- [Exercise brief]
The records below are to be repeated exactly, and their pictures left out.

[Records from a dataset]

::::::::

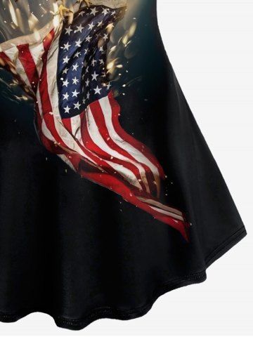 Plus Size Patriotic American Flag Eagle Printed Round Neck T-Shirt - Black - 6x
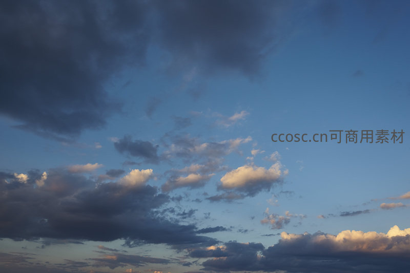 夕阳西下,厚重云团与轻盈薄云在蔚蓝天幕上共舞,暖光穿透云隙洒下斑驳光影,勾勒出一幅动态而富有诗意的黄昏画卷。
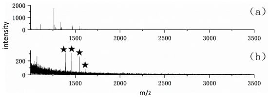MALDI-TOF mass spectra of 4 μL of human serum trypsin digest (a) before, (b) after enrichment by 100 μg FE-1 COF material.
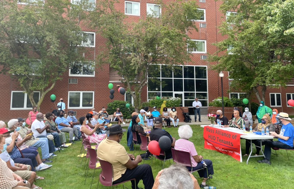 Today, on Marcus Garvey’s birthday, we’re here at Marcus Garvey Apartments in Roxbury with
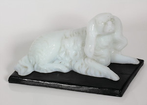Hund, ENGLAND Ende 19.Jhd., Hund aus Milchglas auf dkl. Holzunterlage, Unterseite mit marmoriertem Papier bezogen, H = 6,5 cm, Sockel 12 x 7 cm
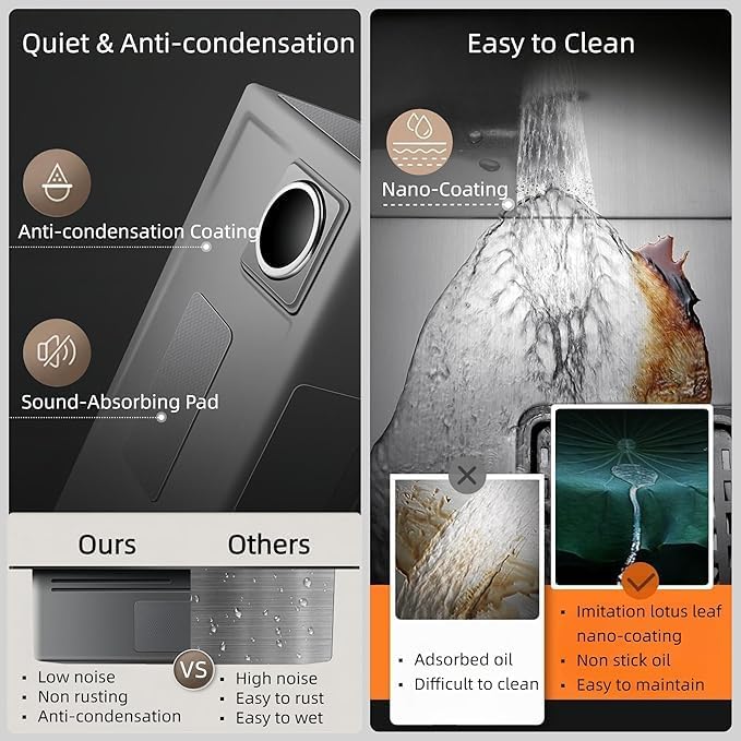 Stainless Steel Construction: The sink is made of high-quality stainless steel, known for its durability, corrosion resistance, and ability to withstand heavy use. The nano-black finish gives the sink a modern, sophisticated look while also protecting it from scratches and stains.
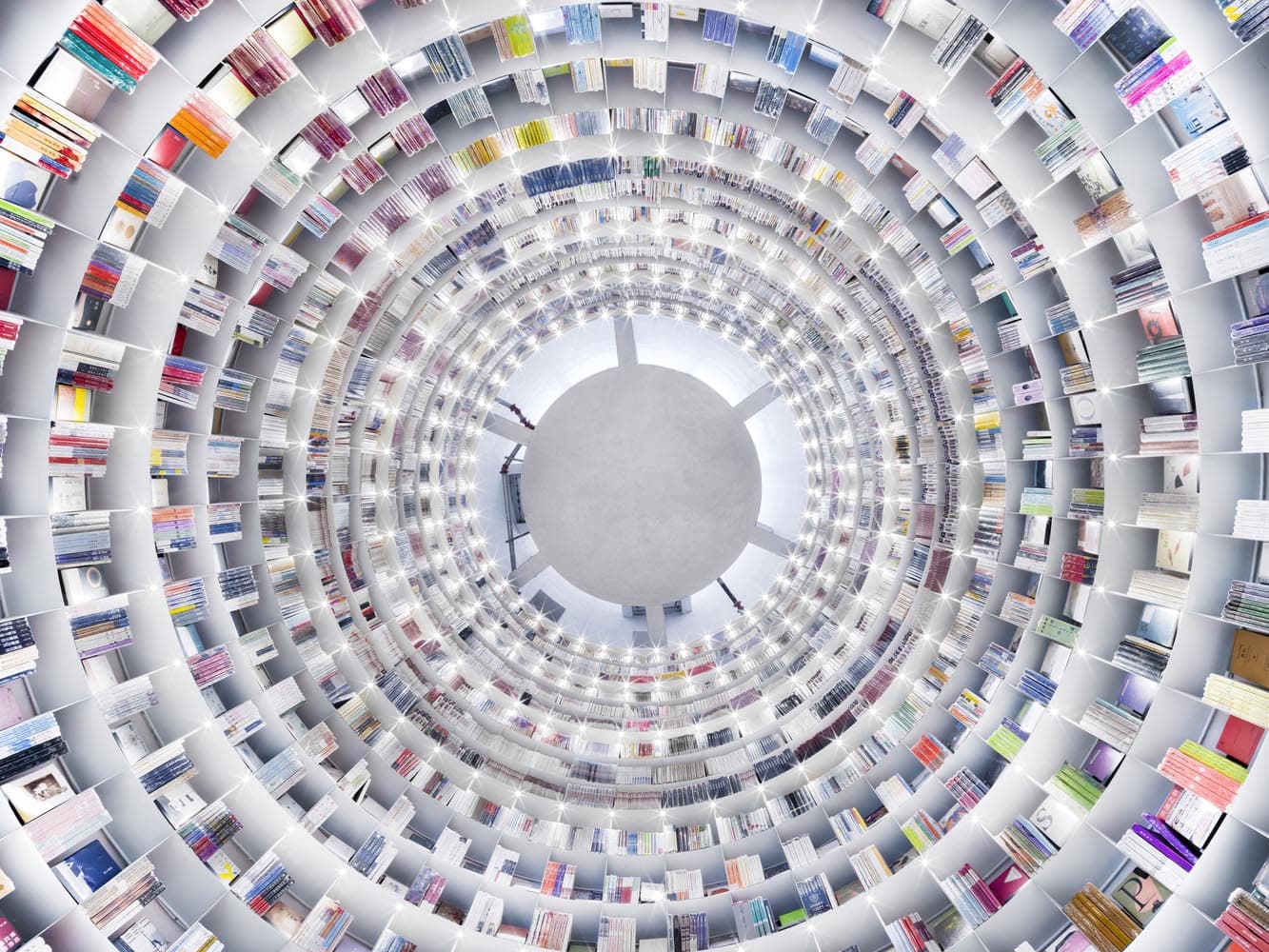 Esta arquitectura circular de perspectiva infinita se ve acentuada por la disposición en espiral de los estantes que, recorridos con la mirada del niño que entra en una tienda de juguetes, nos hacen sentir en el paraíso de la palabra.

::::::::

- [Output for this task]
 Plus Size Patriotic American Flag Eagle Printed Round Neck T-Shirt - Black - 6x
 夕阳西下,厚重云团与轻盈薄云在蔚蓝天幕上共舞,暖光穿透云隙洒下斑驳光影,勾勒出一幅动态而富有诗意的黄昏画卷。
MALDI-TOF mass spectra of 4 μL of human serum trypsin digest (a) before, (b) after enrichment by 100 μg FE-1 COF material.
 Today, on Marcus Garvey’s birthday, we’re here at Marcus Garvey Apartments in Roxbury with
Hund, ENGLAND Ende 19.Jhd., Hund aus Milchglas auf dkl. Holzunterlage, Unterseite mit marmoriertem Papier bezogen, H = 6,5 cm, Sockel 12 x 7 cm
 Stainless Steel Construction: The sink is made of high-quality stainless steel, known for its durability, corrosion resistance, and ability to withstand heavy use. The nano-black finish gives the sink a modern, sophisticated look while also protecting it from scratches and stains.
 Esta arquitectura circular de perspectiva infinita se ve acentuada por la disposición en espiral de los estantes que, recorridos con la mirada del niño que entra en una tienda de juguetes, nos hacen sentir en el paraíso de la palabra.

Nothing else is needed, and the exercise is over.